Output the listing word for word, minus pictures.
** Source data follows **
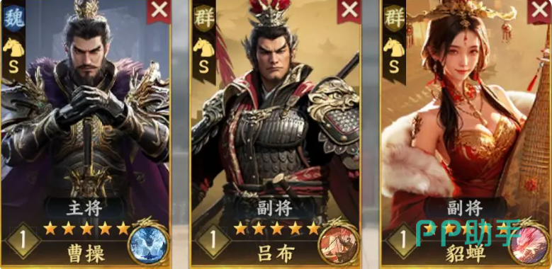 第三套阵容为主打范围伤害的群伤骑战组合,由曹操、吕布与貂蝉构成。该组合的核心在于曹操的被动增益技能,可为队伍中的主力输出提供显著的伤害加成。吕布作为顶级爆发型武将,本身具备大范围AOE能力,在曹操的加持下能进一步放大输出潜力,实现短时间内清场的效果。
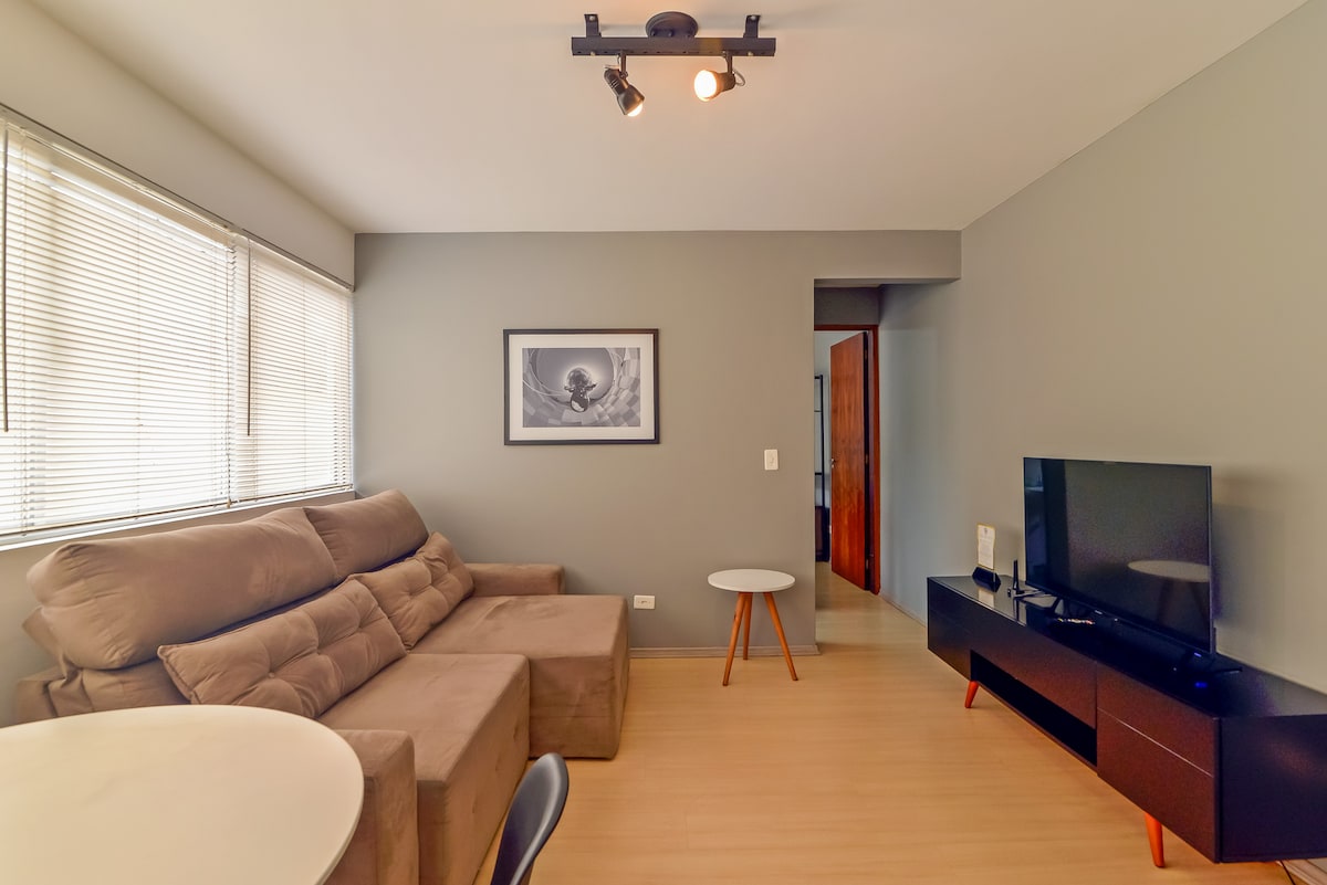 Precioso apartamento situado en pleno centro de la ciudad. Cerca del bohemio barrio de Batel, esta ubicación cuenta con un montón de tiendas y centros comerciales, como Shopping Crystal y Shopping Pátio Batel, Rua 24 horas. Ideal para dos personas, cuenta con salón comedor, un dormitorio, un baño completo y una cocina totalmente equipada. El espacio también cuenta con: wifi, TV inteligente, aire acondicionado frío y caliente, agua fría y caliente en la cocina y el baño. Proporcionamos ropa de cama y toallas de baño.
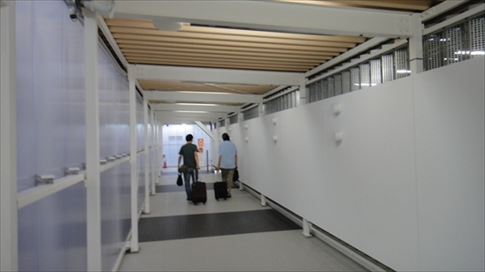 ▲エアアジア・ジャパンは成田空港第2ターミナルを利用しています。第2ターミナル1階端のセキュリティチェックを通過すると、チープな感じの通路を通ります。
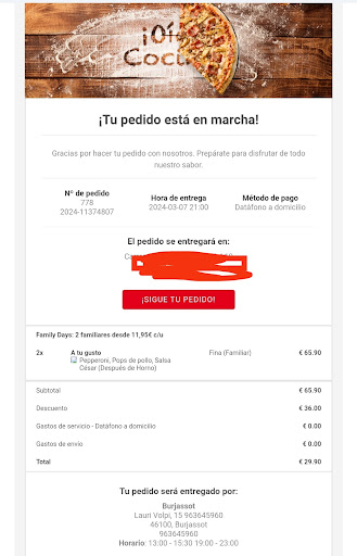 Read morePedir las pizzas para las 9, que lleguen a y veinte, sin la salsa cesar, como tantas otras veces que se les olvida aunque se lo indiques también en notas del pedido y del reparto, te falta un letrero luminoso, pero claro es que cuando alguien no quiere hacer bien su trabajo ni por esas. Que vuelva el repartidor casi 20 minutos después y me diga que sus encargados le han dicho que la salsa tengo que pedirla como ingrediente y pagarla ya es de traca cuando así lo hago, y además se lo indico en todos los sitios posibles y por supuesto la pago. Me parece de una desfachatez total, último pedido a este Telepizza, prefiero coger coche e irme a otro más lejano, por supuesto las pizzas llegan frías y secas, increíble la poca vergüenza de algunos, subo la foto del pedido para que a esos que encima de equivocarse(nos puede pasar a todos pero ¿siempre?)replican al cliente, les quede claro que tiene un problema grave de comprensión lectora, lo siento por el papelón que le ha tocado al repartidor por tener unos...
** End of Source data **
Worked solution:
 第三套阵容为主打范围伤害的群伤骑战组合,由曹操、吕布与貂蝉构成。该组合的核心在于曹操的被动增益技能,可为队伍中的主力输出提供显著的伤害加成。吕布作为顶级爆发型武将,本身具备大范围AOE能力,在曹操的加持下能进一步放大输出潜力,实现短时间内清场的效果。
 Precioso apartamento situado en pleno centro de la ciudad. Cerca del bohemio barrio de Batel, esta ubicación cuenta con un montón de tiendas y centros comerciales, como Shopping Crystal y Shopping Pátio Batel, Rua 24 horas. Ideal para dos personas, cuenta con salón comedor, un dormitorio, un baño completo y una cocina totalmente equipada. El espacio también cuenta con: wifi, TV inteligente, aire acondicionado frío y caliente, agua fría y caliente en la cocina y el baño. Proporcionamos ropa de cama y toallas de baño.
 ▲エアアジア・ジャパンは成田空港第2ターミナルを利用しています。第2ターミナル1階端のセキュリティチェックを通過すると、チープな感じの通路を通ります。
 Read morePedir las pizzas para las 9, que lleguen a y veinte, sin la salsa cesar, como tantas otras veces que se les olvida aunque se lo indiques también en notas del pedido y del reparto, te falta un letrero luminoso, pero claro es que cuando alguien no quiere hacer bien su trabajo ni por esas. Que vuelva el repartidor casi 20 minutos después y me diga que sus encargados le han dicho que la salsa tengo que pedirla como ingrediente y pagarla ya es de traca cuando así lo hago, y además se lo indico en todos los sitios posibles y por supuesto la pago. Me parece de una desfachatez total, último pedido a este Telepizza, prefiero coger coche e irme a otro más lejano, por supuesto las pizzas llegan frías y secas, increíble la poca vergüenza de algunos, subo la foto del pedido para que a esos que encima de equivocarse(nos puede pasar a todos pero ¿siempre?)replican al cliente, les quede claro que tiene un problema grave de comprensión lectora, lo siento por el papelón que le ha tocado al repartidor por tener unos...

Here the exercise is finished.